There are two padding mechanisms for JCC mitigation alignment:

  • Inserting nop instructions
  • Inserting meaningless prefixes before instructions (prefix padding)

Theoretically, prefix padding can provide better performance because it reduces the number of nop instructions, therefore raising the DSB hit rate. In our experiments, we observed that prefix padding is slightly better than nop padding in general, and may provide much better performance in some outliers.

In general, we suggest developers try nop padding first, as it’s easier to start with. Developers can make their own choice whether to use nop padding or prefix padding for their applications. If you still observe significant performance drops after recompiling the application with the JCC mitigation, Intel recommends aligning all branch types with -malign-branch=jcc+fused+jmp+call+return+indirect.

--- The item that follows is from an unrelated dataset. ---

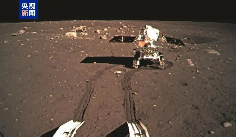 中国月球车“玉兔号”在月表留下的第一行足迹

GNU assembler options are available in binutils 2.34. LLVM nop padding was implemented in LLVM 10.0.0, followed by prefix padding in the LLVM 11 main trunk. ICC has supported prefix padding since the 19.1 release.

In the following sections, we summarize some options you can use with the GNU assembler, and then compare the GNU assembler options with options available in the Intel and LLVM compilers.

​Options for GNU assembler

​-mbranches-within-32B-boundaries

This is the recommended option for affected processors2. This option aligns conditional jumps, fused conditional jumps, and unconditional jumps within a 32-byte boundary with up to 5 segment prefixes on an instruction. It is equivalent to the following:

  • -malign-branch-boundary=32
  • -malign-branch=jcc+fused+jmp
  • -malign-branch-prefix-size=5

The default doesn't align branches.

​-malign-branch-boundary=NUM

This option controls how the assembler should align branches with segment prefixes or NOP. NUM must be a power of 2. Branches will be aligned within the NUM byte boundary. The default -malign-branch-boundary=0 doesn't align branches.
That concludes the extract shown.